WHAT TO DO: Please find the line that holds "Nepalese Marketing Association" below and reproduce it, along with every line after it through the end, exactly and without pictures.

Records drawn from a dataset:

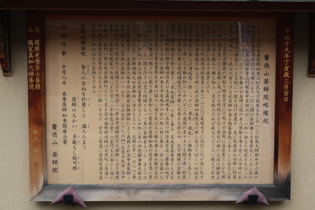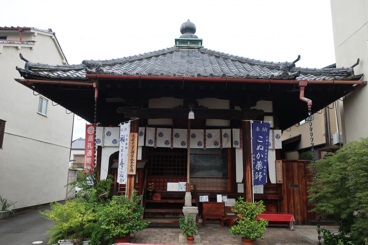 夷川通り、釜座通りを下った西側に変わった名前のお寺、来ぬか薬師があります。正式名称は薬師院。古いお寺で本尊の薬師如来が住職の枕元に立ち、病の流行を取り除くのに「来ぬか、来ぬか」と伝えた、と言う古事からこの名で呼ばれるようになったとか。信長の勧請もあった薬師ですが、蛤御門の変で焼失、現在はコンクリの上に小さな本堂があるだけ。行った時も他には誰も居ませんでした。
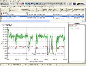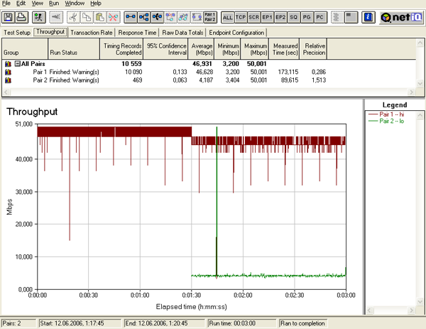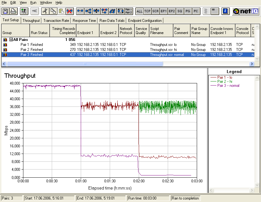Тест 3: теперь запустим 3 потока трафика, к двум из которых применим правила шейпинга (числовые значения приоритетов 100 и 101). 3-й поток трафика правилами шейпинга никак не описывается. После этого посмотрим, как ведут себя потоки трафика при их последовательном запуске, начиная с потока, к которому не применяются правила шейпинга и заканчивая потоком с наибольшим приоритетом.
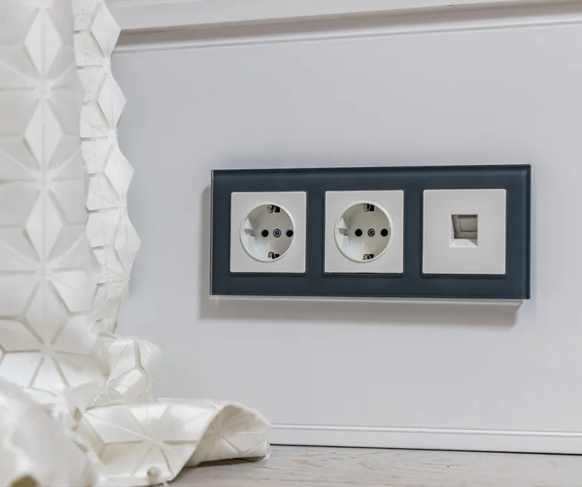 Яркий интерьер дополнили лаконичные белоснежные розетки и выключатели в обрамлении утонченных стеклянных рамок серого цвета серии Favorit от Werkel™. Рамки выполнены из высококачественного и прочного стекла, которое устойчиво к механическим повреждениям и истиранию . Строгие формы рамок гармонично сочетаются как с лаконичными, так и с яркими интерьерами, подчеркивая современный характер дизайна.
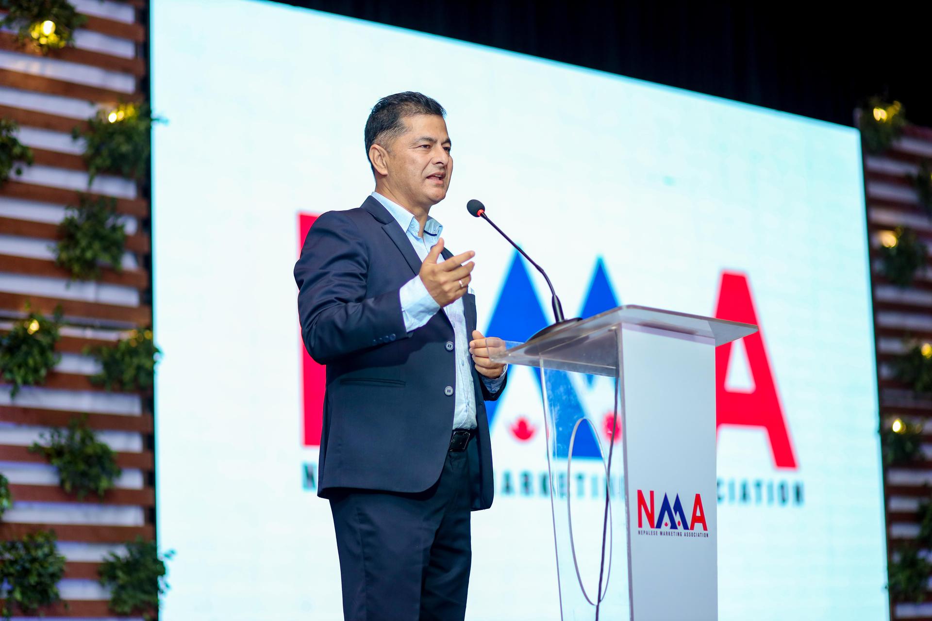 Nepalese Marketing Association celebrated it's first year anniversary on 24th December 2022 at Hotel Yak and Yeti. Program started with welcome speech by Mr. Abhaya Gorkhalee (Board member of NMA), with the valuable presence of Hon. Member of Parliament Mr. Gagan Thapa as chief guest.
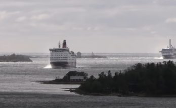 Pagājušās nedēļas nogalē Baltijas jūrā plosījās tik stipra vētra, ka pat milzīgie Viking Line prāmji nespēja pretoties spēcīgajam vējam.

ANSWER TO THE PROBLEM:
 Nepalese Marketing Association celebrated it's first year anniversary on 24th December 2022 at Hotel Yak and Yeti. Program started with welcome speech by Mr. Abhaya Gorkhalee (Board member of NMA), with the valuable presence of Hon. Member of Parliament Mr. Gagan Thapa as chief guest.
 Pagājušās nedēļas nogalē Baltijas jūrā plosījās tik stipra vētra, ka pat milzīgie Viking Line prāmji nespēja pretoties spēcīgajam vējam.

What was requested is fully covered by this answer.